3. Respond clearly to the user, stating the capital city.
Example Query: "What's the capital of France?"
Example Response: "The capital of France is Paris."
""",
    # tools will be added next
)

(注:对于适用于系统中所有智能体的指令,可考虑在根智能体上使用global_instruction,详见多智能体章节。)

装备智能体:工具(tools

工具赋予LlmAgent超越大模型内置知识或推理的能力。它们使智能体能够与外部世界交互、执行计算、获取实时数据或完成特定操作。

  • tools(可选): 提供智能体可使用的工具列表。列表中的每个项目可以是:
    • Python函数(自动包装为FunctionTool
    • 继承自BaseTool的类实例
    • 其他智能体实例(AgentTool,实现智能体间委派——参见多智能体

大模型会基于对话内容和指令,根据函数/工具名称、描述(来自文档字符串或description字段)及参数模式来决定调用哪个工具。

# Define a tool function
def get_capital_city(country: str) -> str:
  """Retrieves the capital city for a given country."""
  # Replace with actual logic (e.g., API call, database lookup)
  capitals = {"france": "Paris", "japan": "Tokyo", "canada": "Ottawa"}
  return capitals.get(country.lower(), f"Sorry, I don't know the capital of {country}.")

# Add the tool to the agent
capital_agent = LlmAgent(
    model="gemini-2.0-flash",
    name="capital_agent",
    description="Answers user questions about the capital city of a given country.",
    instruction="""You are an agent that provides the capital city of a country... (previous instruction text)""",
    tools=[get_capital_city] # Provide the function directly
)

更多工具相关信息请参阅工具章节。

高级配置与控制

除核心参数外,LlmAgent还提供多个选项进行精细控制:

微调大模型生成(generate_content_config

可通过generate_content_config调整底层大模型的响应生成方式。

  • generate_content_config(可选): 传递google.genai.types.GenerateContentConfig实例以控制temperature(随机性)、max_output_tokens(响应长度)、top_ptop_k和安全设置等参数。
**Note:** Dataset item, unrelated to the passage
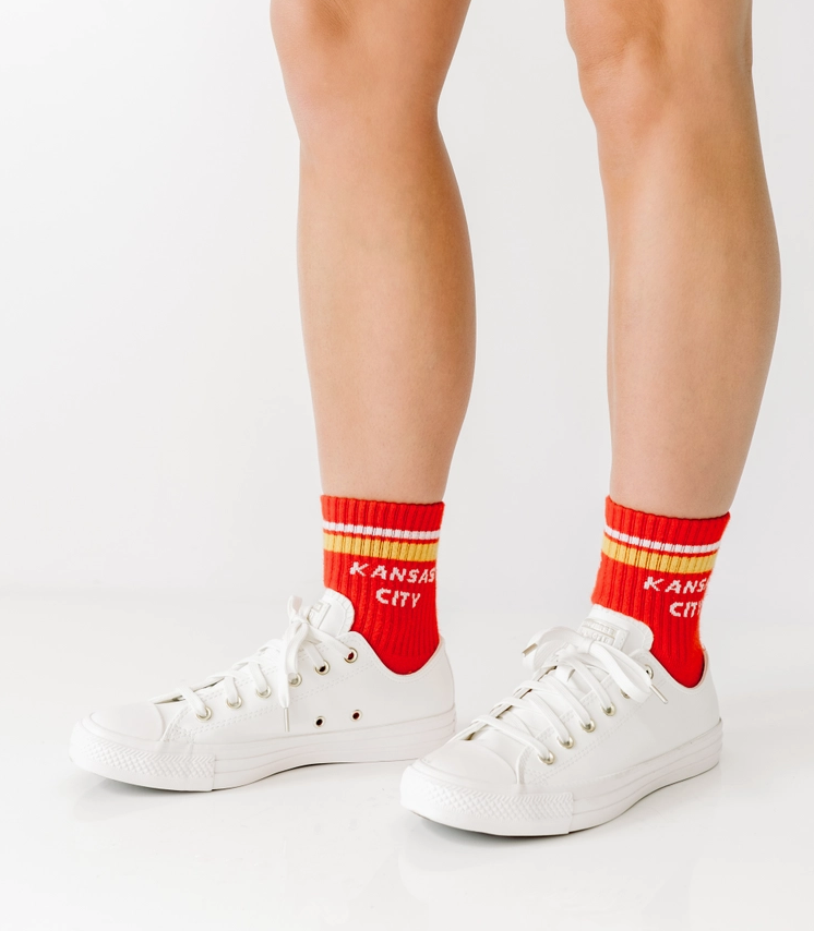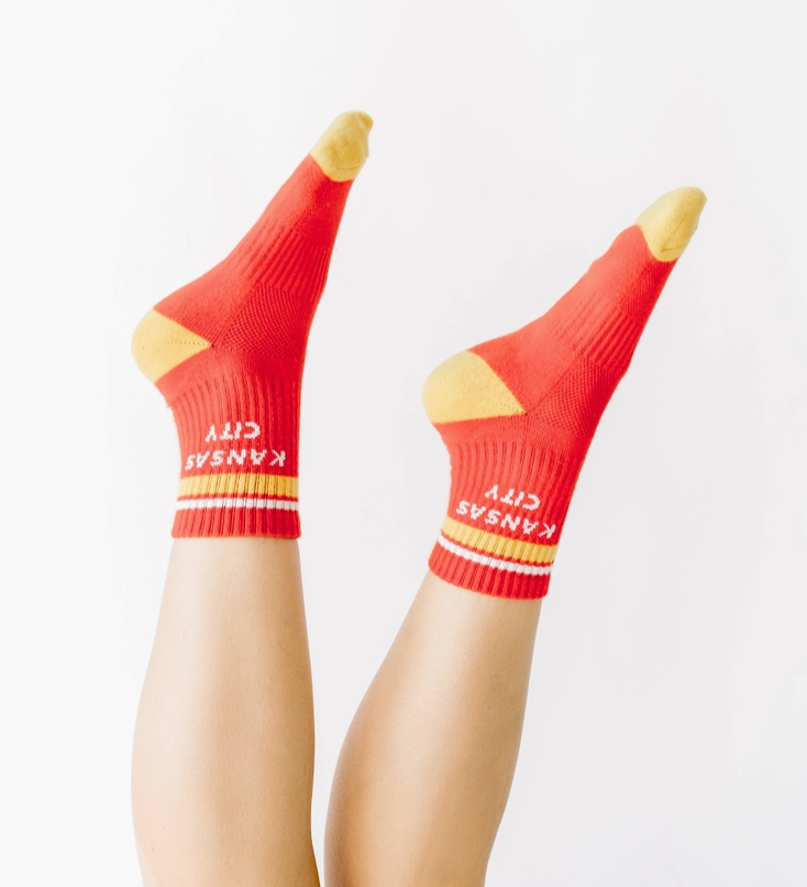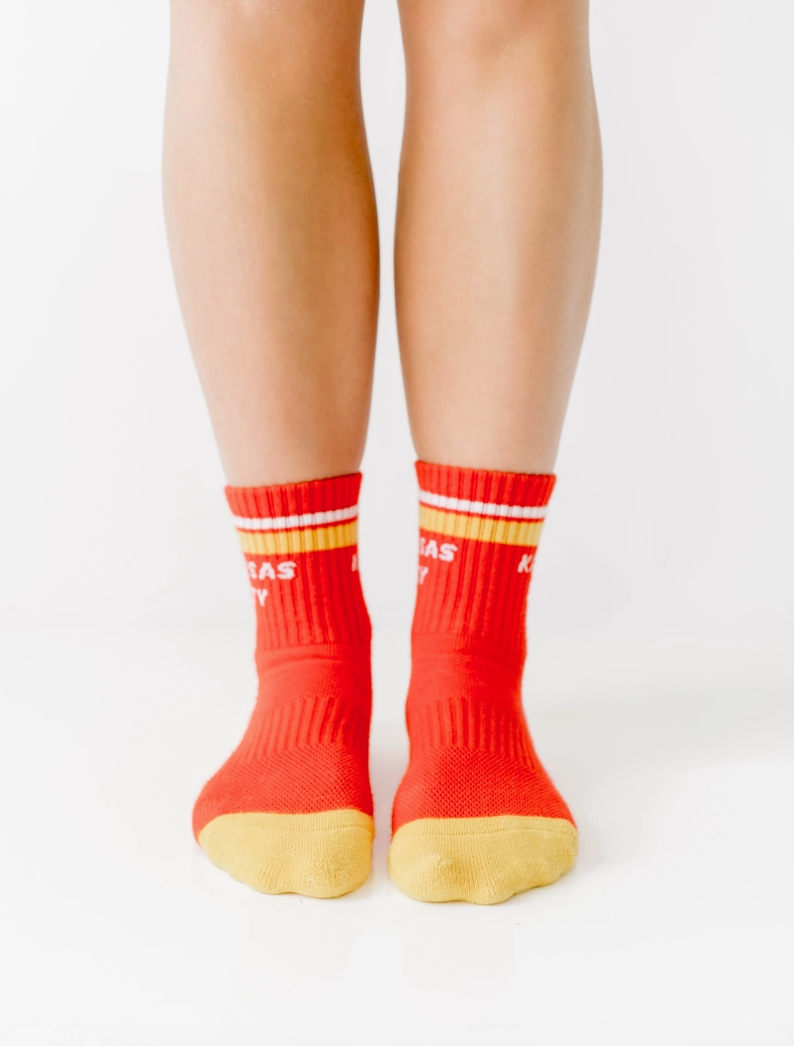 Embrace the vibrant spirit of Kansas City with our Red & Yellow Crew Socks from Carly Rae Studio. Inspired by the city's lively hues, these socks are a delightful blend of comfort and style. Crafted from a soft cotton blend, they ensure your feet stay cozy throughout the day. Designed to fit women's sizes 6-9 and men's sizes 4.5-8, they make a versatile addition to any wardrobe. The playful colors and whimsical design reflect Carly's love for patterns, nature, and sports. Enjoy a touch of artistic charm with every step you take!
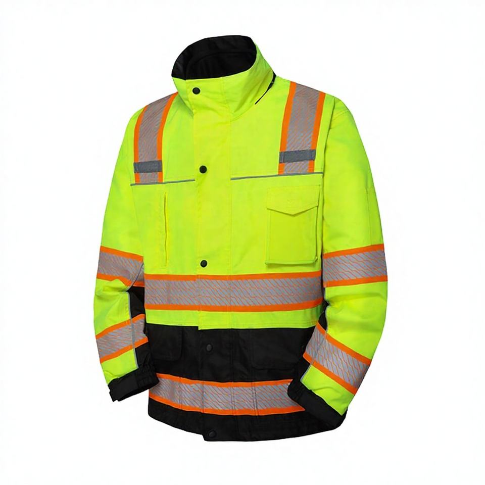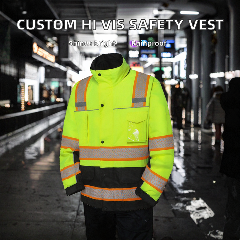 เสื้อกั๊กนิรภัยแบบกันน้ำ ANSI Class 2 สีเหลืองสะท้อนแสง ผลิตตามสั่ง สำหรับโรงงาน คลังสินค้า และงานก่อสร้าง

    from google.genai import types
    
    agent = LlmAgent(
        # ... other params
        generate_content_config=types.GenerateContentConfig(
            temperature=0.2, # 更确定性的输出
            max_output_tokens=250
        )
    )
    

结构化数据(input_schemaoutput_schemaoutput_key

对于需要结构化数据交换的场景,可使用Pydantic模型。

  • input_schema(可选): 定义表示预期输入结构的Pydantic BaseModel类。若设置,传递给该智能体的用户消息内容必须是符合此模式的JSON字符串。指令应相应引导用户或前置智能体。

  • output_schema(可选): 定义表示期望输出结构的Pydantic BaseModel类。若设置,智能体的最终响应必须是符合此模式的JSON字符串。

    • 限制: 使用output_schema可在大模型内实现受控生成,但会禁用智能体使用工具或转移控制权的能力。指令必须引导大模型直接生成符合模式的JSON。
  • output_key(可选): 提供字符串键。若设置,智能体最终响应的文本内容将自动保存到会话状态字典中的该键下(例如session.state[output_key] = agent_response_text)。这在智能体间或工作流步骤间传递结果时非常有用。

from pydantic import BaseModel, Field

class CapitalOutput(BaseModel):
    capital: str = Field(description="The capital of the country.")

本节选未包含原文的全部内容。